Blanchisseuse, TrinidadA recent article in the Trinidad Express focused on the Blanchisseuse Environmental Art Trust (BEAT), a local community initiative to manage stocks of wild seamoss:

If you love sea moss punch, but haven’t tasted sea moss from Blanchisseuse, then you haven’t tried the best there is, the Express was told.

The waters off this North Coast village have some of the rarest and highest quality of sea moss. This species is called gelidium serrulatum and it’s known to have the best quality of agar (the gelatinous extract of red alga) than any commercial seaweed species in the Caribbean. The sea moss grows on rock surfaces in especially rough waters between Las Cuevas and Toco.

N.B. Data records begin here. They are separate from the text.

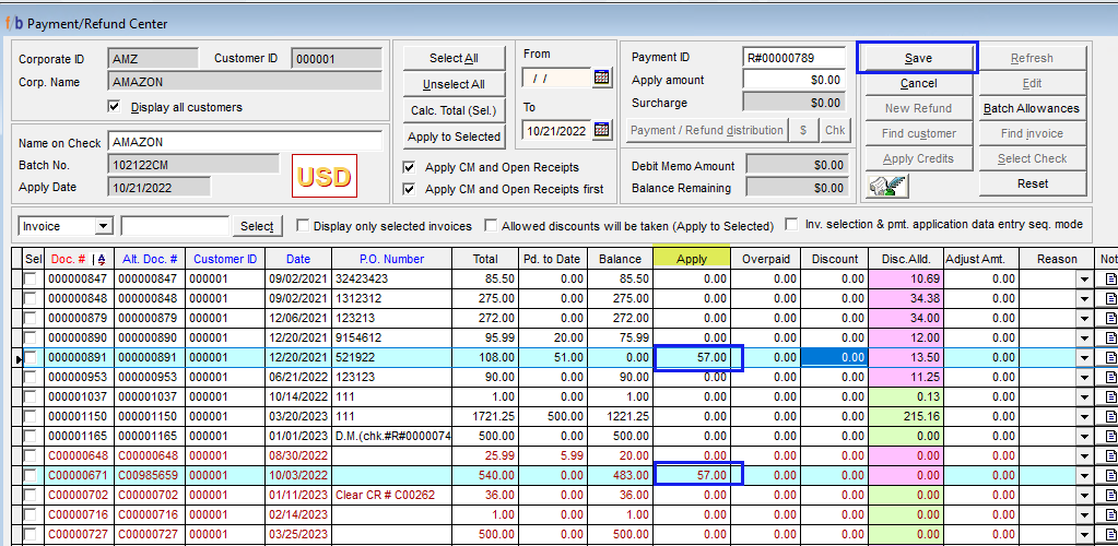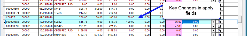 6. The user can enter the credit amount in the 'Apply' field of the Credit Memo and the same amount in the 'Apply' field of the corresponding Invoice if the total amount of the credit memo will not be applied. The user has the option to apply the Credit memo to multiple invoices. The rows will automatically display in blue as the user enters the amounts in the apply field. This method allows the user to apply a partial Credit Memo to an Invoice.
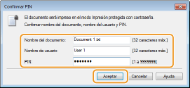 Introduzca el [Nombre del documento], [Nombre de usuario], y [PIN] y haga clic en [Aceptar].
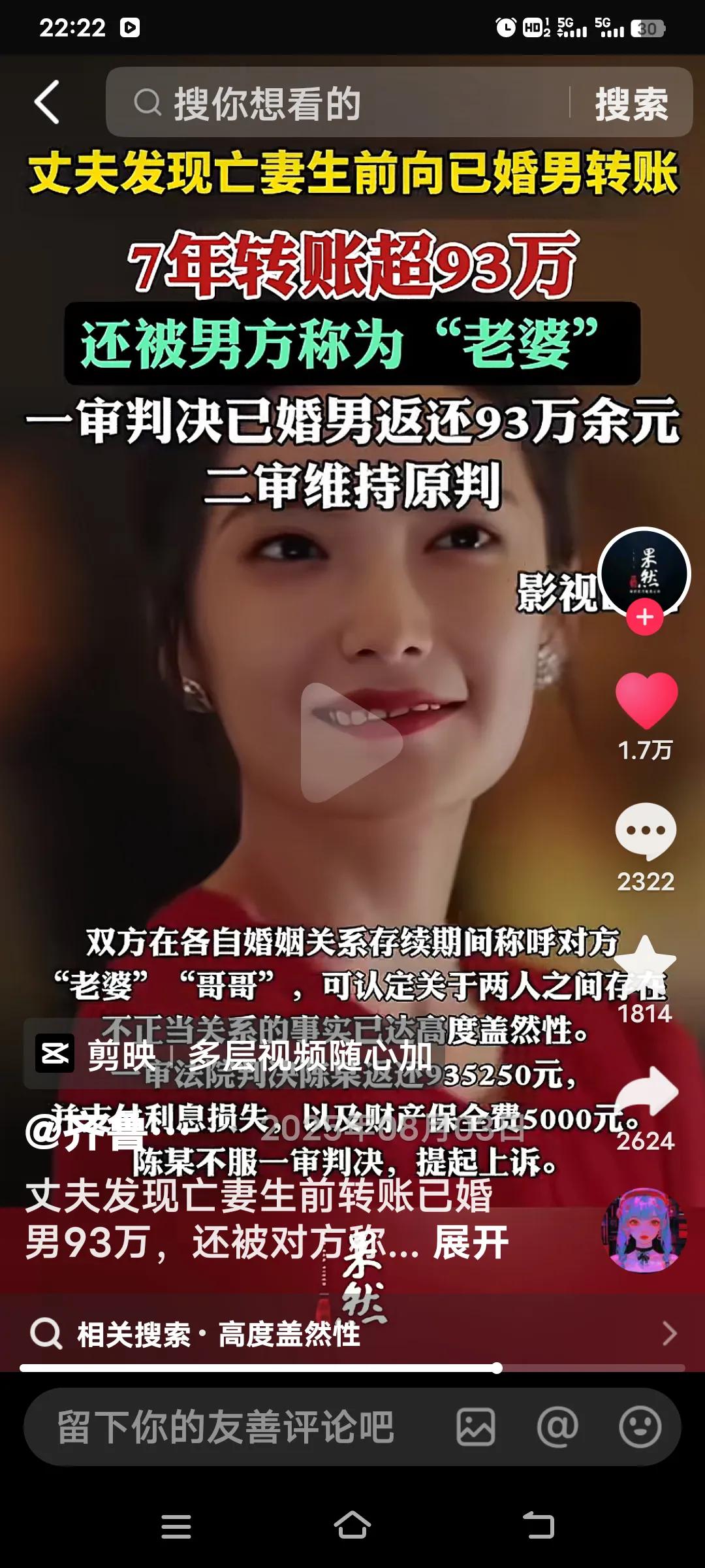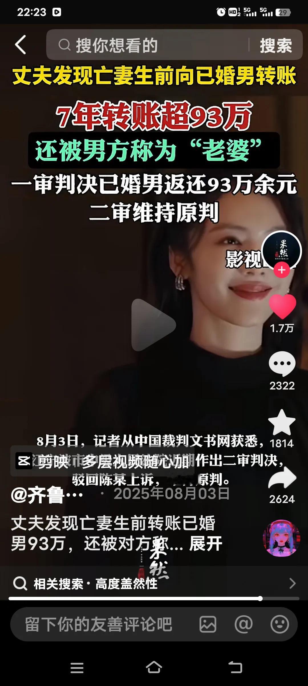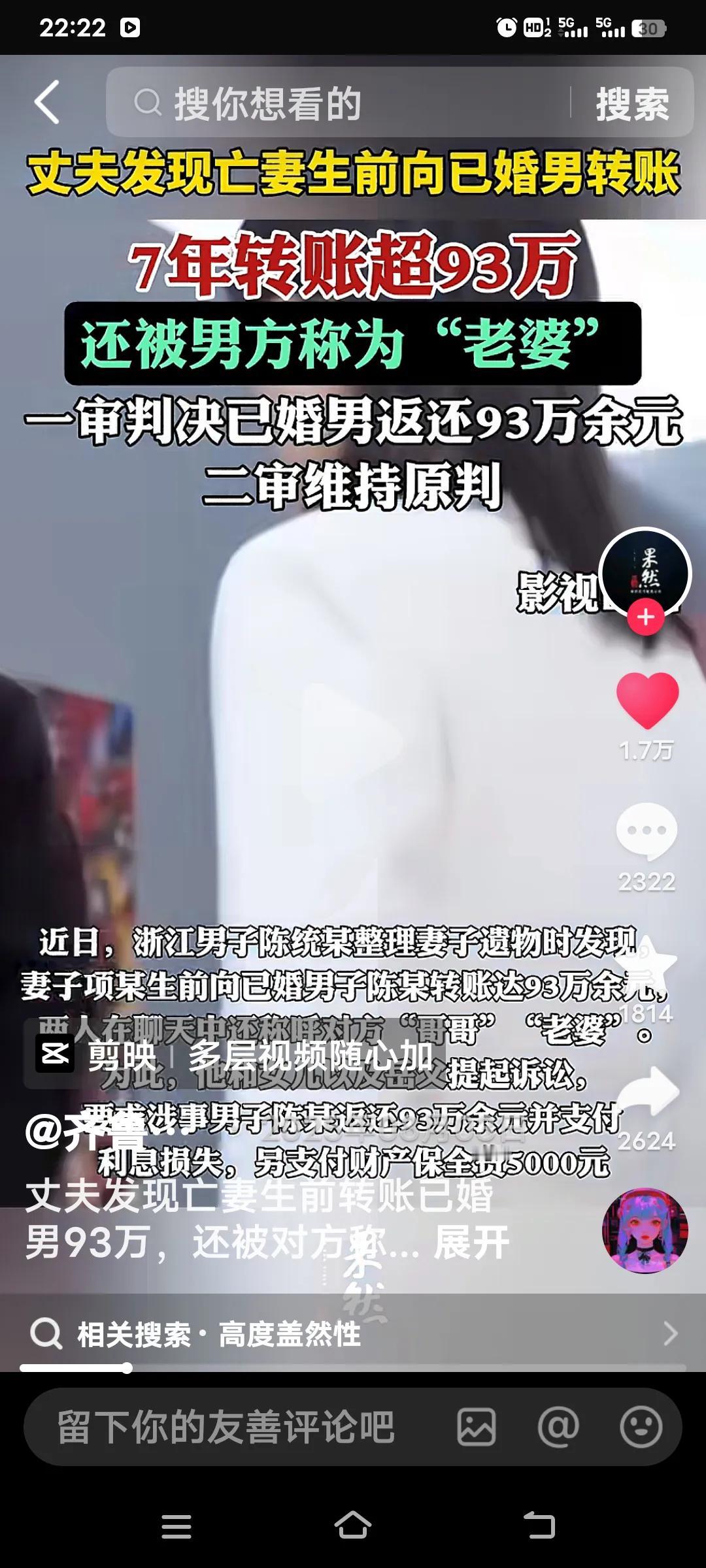 这事儿着实令人唏嘘不已。丈夫竟发现亡妻生前给一名已婚男子转了93万,这可不是一笔小数目。一审判决让对方归还这笔钱,也算是给丈夫一个交代。 浙江的陈统某在整理妻子遗物时,发现妻子项某生前向一个陌生男子转了93万元,从2016年到2023年,项某转账多达200余笔。要知道,93万或许是一个家庭多年的积蓄。亡妻背着丈夫做出这样的事,真让人好奇背后到底有何隐情。毕竟这可是夫妻共同财产啊! 从聊天记录能看出,对方一口一个“老婆”地叫着,而项某却称对方为“哥哥”。想来陈统某看到这些短信时,肯定是一脸懵,但此时他也顾不上这些了,当务之急是把钱要回来。可当他找到已婚男子陈某时,陈某却称这是合伙做生意的分红,但又拿不出证据。 陈统某一气之下将已婚男子陈某告上了法院。法院一审判决已婚男子返还93万余元。陈某不服一审判决,提起上诉。二审判决驳回陈某上诉,维持原判! 真不知该如何形容这个女人,做出这样的事,着实让丈夫寒透了心。还好事情被发现了,不然到她去世,丈夫都不知道妻子竟是这样的人。评论区有人说,女人死了,丈夫又得了93万,等各种看法,可关键是,这本来就是他的钱啊! 婚内资产遗产 丈夫财产

You can search the length and breadth of the rest of the Caribbean for this species, but you wouldn’t find it.

So far, gelidium serrulatum has been recorded off the north coast of Trinidad, and in the waters off Venezuela and South Africa and nowhere else. There are about ten species of seaweed that can be harvested for human consumption, with the species gracilaria and eucheuma being among the most common in the Caribbean.

For years Tobago’s sea moss harvesters have noted with concern a decline in sea moss. The verdict is still out on whether this decrease is a direct result of climate change or water pollution caused by waterfront properties or incorrect harvesting methods.

In a survey conducted by the Blanchisseuse Environmental Art Trust (BEAT) within the community, among the 14 sea moss harvesters interviewed, more than 60 per cent believed that sea moss was getting harder to find.

The BEAT president Kenneth Fournillier told the Express that the rarity and superior quality of the gelidium serralutum species made it particularly vulnerable to indiscriminate harvesting. The plants are attached to the substrate with a tough holdfast, which was usually removed from the plant when it is harvested, leaving no base to regenerate new shoots—leaving reduced supplies for the next season.

Not only was this species at risk, so were the livelihoods of those dependent on the sea moss. Something had to be done to preserve this rare species and important Blanchisseuse tradition.